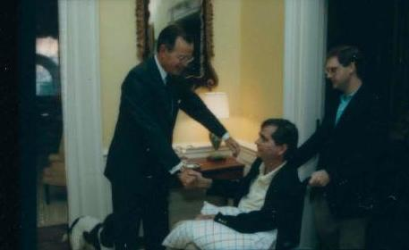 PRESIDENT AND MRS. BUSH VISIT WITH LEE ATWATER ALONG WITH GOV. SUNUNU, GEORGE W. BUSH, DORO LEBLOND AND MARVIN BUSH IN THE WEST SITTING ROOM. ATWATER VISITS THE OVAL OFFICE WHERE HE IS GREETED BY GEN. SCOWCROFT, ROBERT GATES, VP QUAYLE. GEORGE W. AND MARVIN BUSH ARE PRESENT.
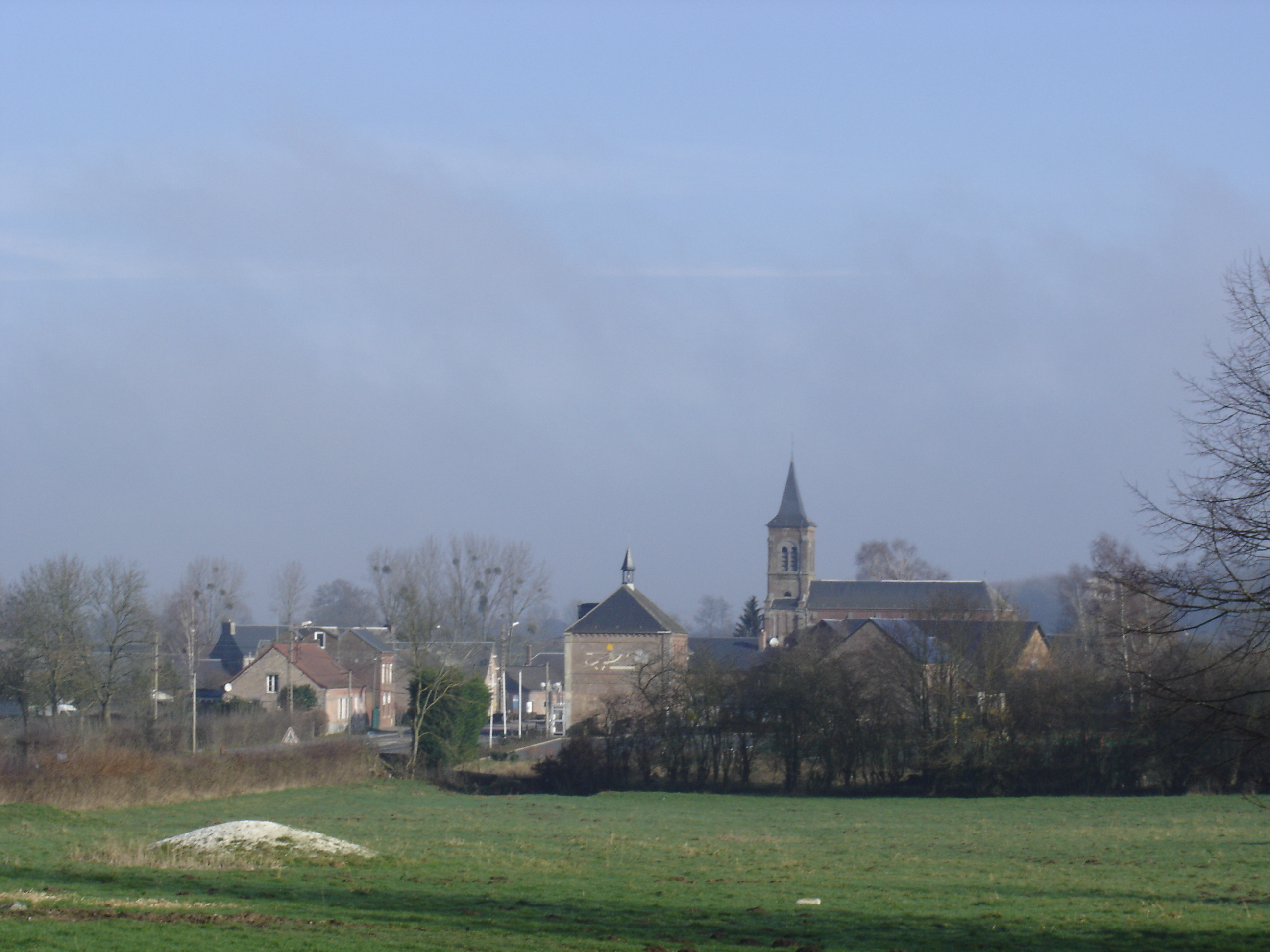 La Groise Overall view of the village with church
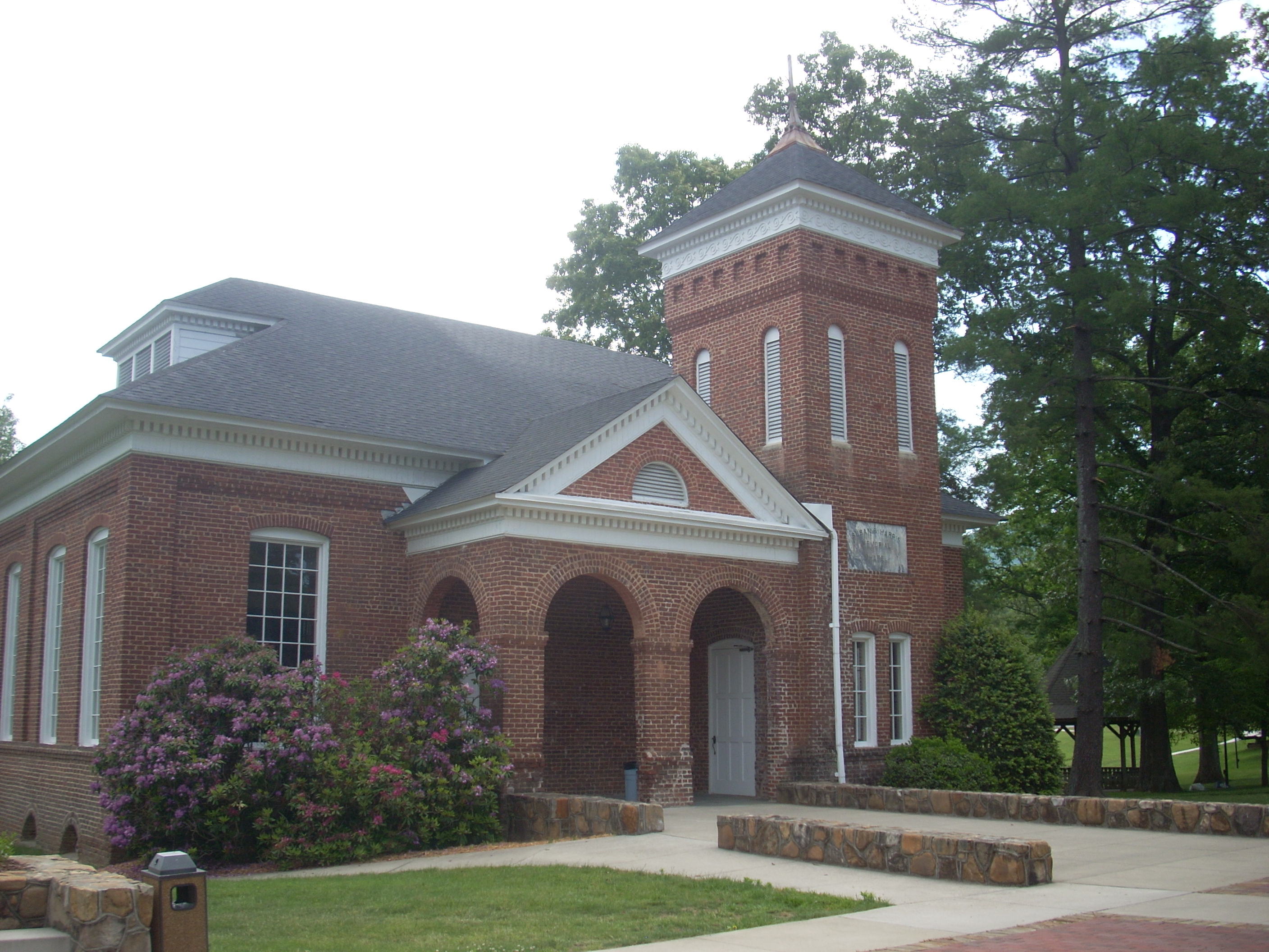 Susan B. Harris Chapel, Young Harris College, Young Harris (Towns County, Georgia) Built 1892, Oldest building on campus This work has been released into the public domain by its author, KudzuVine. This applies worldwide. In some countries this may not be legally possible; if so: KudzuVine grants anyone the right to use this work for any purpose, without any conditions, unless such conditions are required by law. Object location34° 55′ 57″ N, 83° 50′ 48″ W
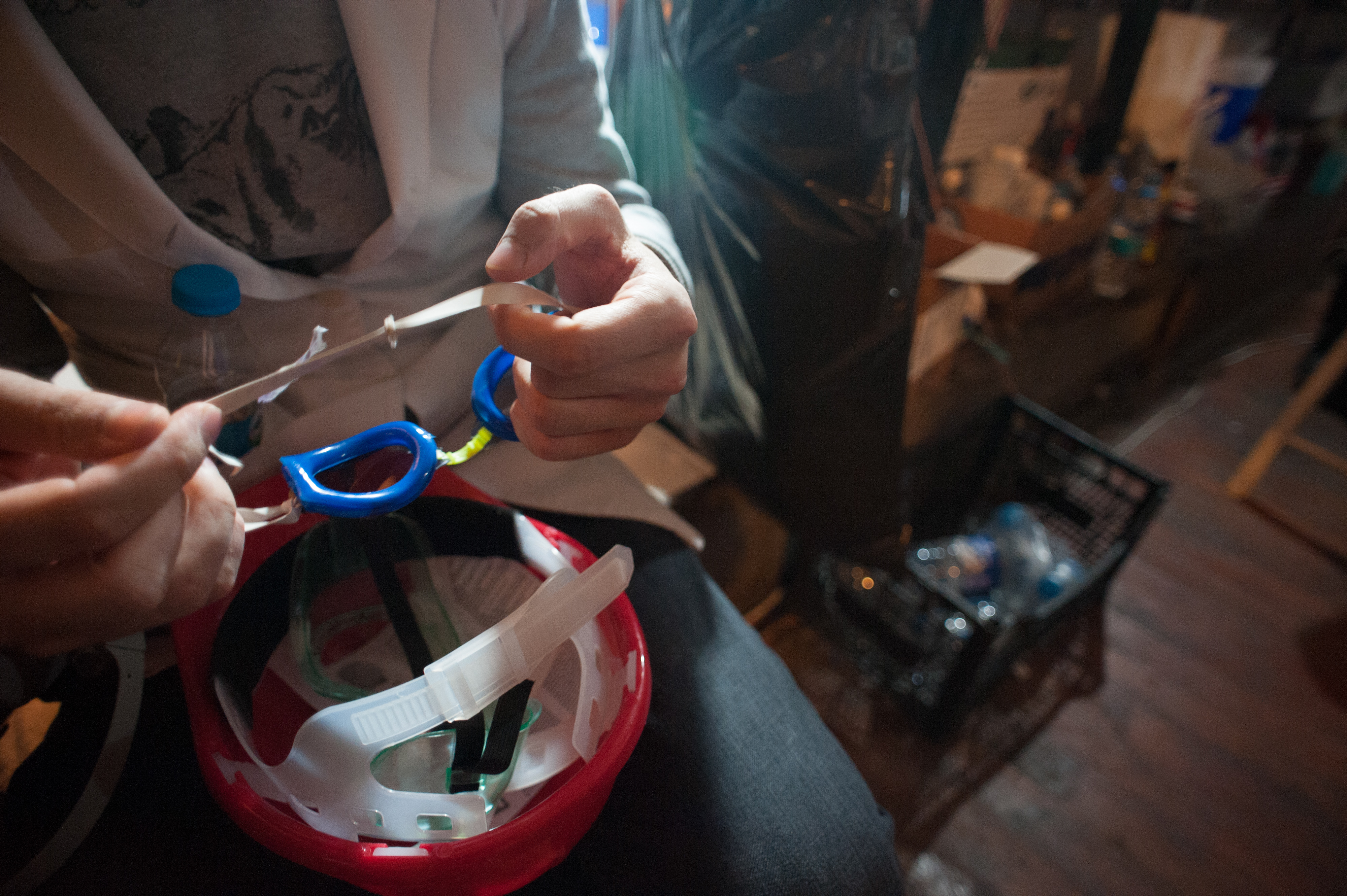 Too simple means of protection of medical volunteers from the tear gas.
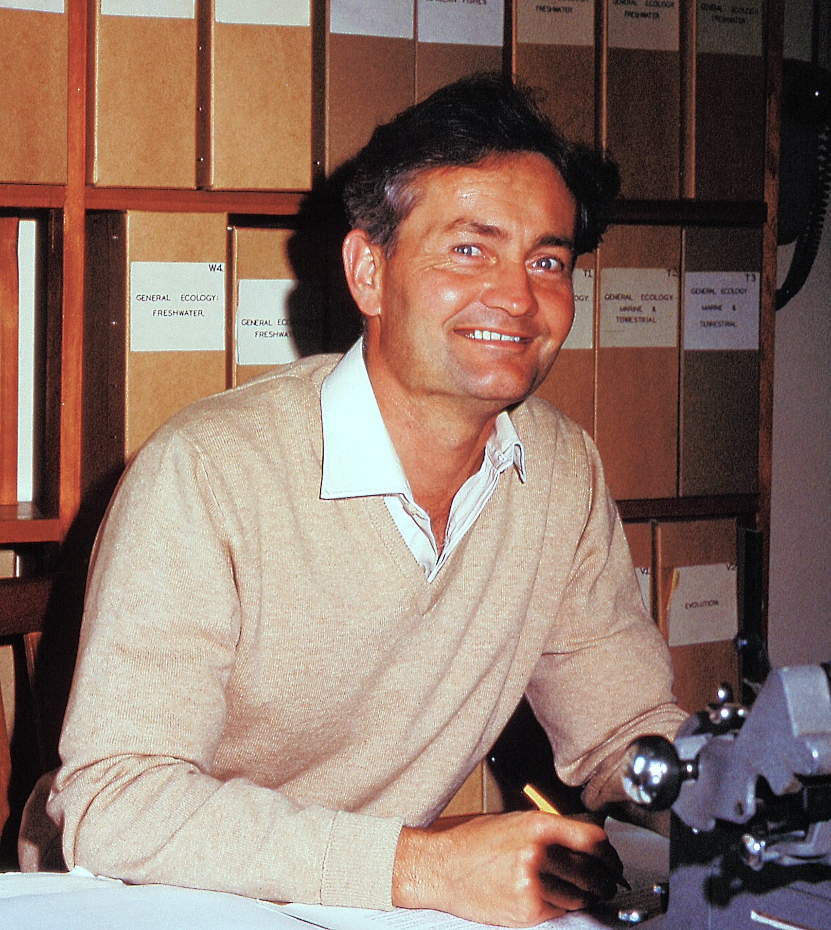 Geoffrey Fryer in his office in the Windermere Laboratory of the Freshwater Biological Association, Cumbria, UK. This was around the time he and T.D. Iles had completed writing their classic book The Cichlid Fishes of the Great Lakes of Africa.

▸ **Directions for this task**
Retype every entry verbatim and exclude the pictures from the copy.

▸ **Task solution**
 PRESIDENT AND MRS. BUSH VISIT WITH LEE ATWATER ALONG WITH GOV. SUNUNU, GEORGE W. BUSH, DORO LEBLOND AND MARVIN BUSH IN THE WEST SITTING ROOM. ATWATER VISITS THE OVAL OFFICE WHERE HE IS GREETED BY GEN. SCOWCROFT, ROBERT GATES, VP QUAYLE. GEORGE W. AND MARVIN BUSH ARE PRESENT.
 La Groise Overall view of the village with church
 Susan B. Harris Chapel, Young Harris College, Young Harris (Towns County, Georgia) Built 1892, Oldest building on campus This work has been released into the public domain by its author, KudzuVine. This applies worldwide. In some countries this may not be legally possible; if so: KudzuVine grants anyone the right to use this work for any purpose, without any conditions, unless such conditions are required by law. Object location34° 55′ 57″ N, 83° 50′ 48″ W
 Too simple means of protection of medical volunteers from the tear gas.
 Geoffrey Fryer in his office in the Windermere Laboratory of the Freshwater Biological Association, Cumbria, UK. This was around the time he and T.D. Iles had completed writing their classic book The Cichlid Fishes of the Great Lakes of Africa.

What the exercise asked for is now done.